There is nothing wrong with having adult kids at home if you don't mind. BUT if someone is living at home or with anyone else's place for that matter to me that should be viewed as temporary or just be happy to have a place to live/roof over your head. If you live with someone else you can't expect to live like someone who has their own place. I know of people where their adult children living at home actually wanted everyone else to go out for the evening so they could entertain party style-Noooo. You can give them free rain of the house, kitchen, etc but as long as they realize it's a place for them to live, survive, exist, rest etc. It's not about their life but survival. It's actually better for the tenant especially if they want a certain lifestyle because it's incentive to get their own place.

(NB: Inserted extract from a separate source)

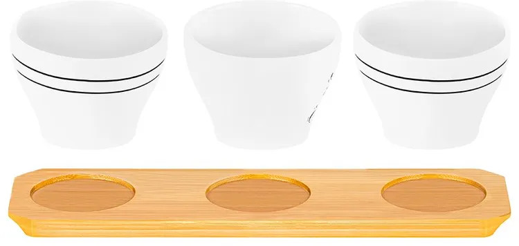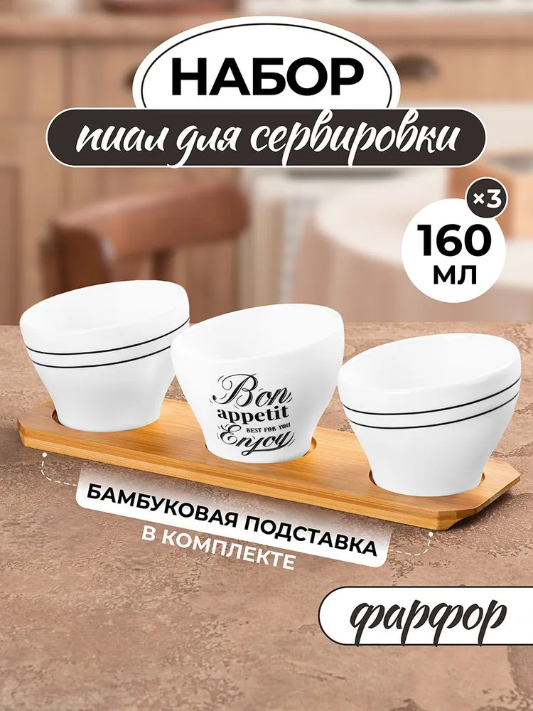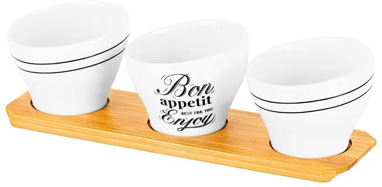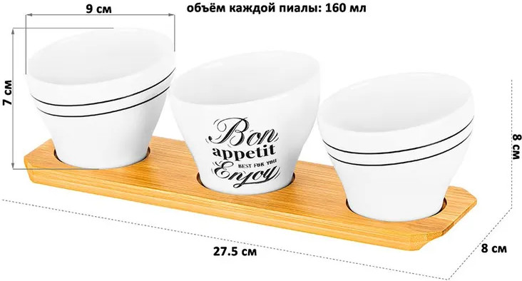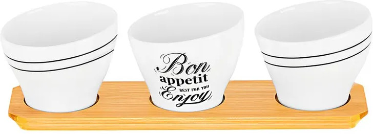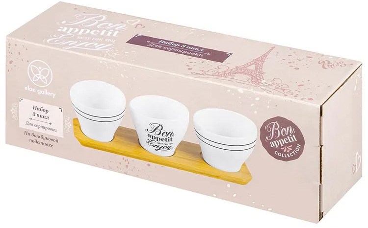 Набор 3 пиал для сервировки от Elan Gallery «Bon Appetit» выполнен из фарфора. «Bon Appetit» — это коллекция фарфоровой посуды в стиле френч-винтаж, которая создаст на вашей кухне атмосферу романтики и уюта. Белые глубокие формы украшены лаконичными надписями чёрного цвета, стилизованными под ретро. Чёрно-белая посуда впишется в любой интерьер кухни или столовой, а также придаст элегантности вашему столу. Можно использовать как маленькие салатники для икры, солений и свежих овощей, а также как розетки для варенья, мёда и порционных десертов. Положите в маленькие тарелочки орехи, сладости или любые закуски. Подойдут в роли соусников под три разных соуса, что удобно при подаче мясных и рыбных блюд для гостей. Станут незаменимым предметом для любителей традиционного китайского чаепития и чайных церемоний. Наслаждайтесь любыми видами чая от улуна до пуэра в компании друзей, используя их как чаши! Не рекомендуется применять абразивные моющие средства. Поставляются в картонной коробке. Маленькие сервировочные блюда станут полезным подарком на любой праздник. Благодаря стильной коробочке вам не понадобится дополнительная подарочная упаковка. В коллекции Elan Gallery представлено много красивых товаров для дома, здесь можно найти тарелки, салатницы и сервировочные блюда на любой вкус! Размер набора на подставке 27.5×8×8 см.

First priority in life-survive. Not lifestyle, career or "enjoyment". Survival and/or basic survival skills need to be taught/emphasized. If they are ordering out every night and not clipping coupons they are not learning how to survive ie save enough money as an example.

Be happy to exist.


----------



## Susie (Oct 7, 2014)

I would ask this 29 year old to look for alternate accommodation, regardless of Puritan values.
If she and her future husband are both working, they can afford their own lodgings and PAID daycare.
Asking you, sammyj, for permission to sleep with boyfriend is very strange, but as 'oldman' suggests, the child's "welfare" must come first.


----------



## Mrs. Robinson (Oct 7, 2014)

I agree that at 29,she should find her own place to live-because she knows your views and apparently does not want to respect them. And you are very right in feeling that a FB request for your blessing is pretty lame. And third,if you do daycare all day-not only for him but for others-you should not be asked nor expected to provide childcare on nights or weekends. I watch my 3 month old granddaughter and believe me,when the nights come, I am beat. I have foster children as well and this is the reason I don`t take little ones-I just don`t have the stamina for that!


----------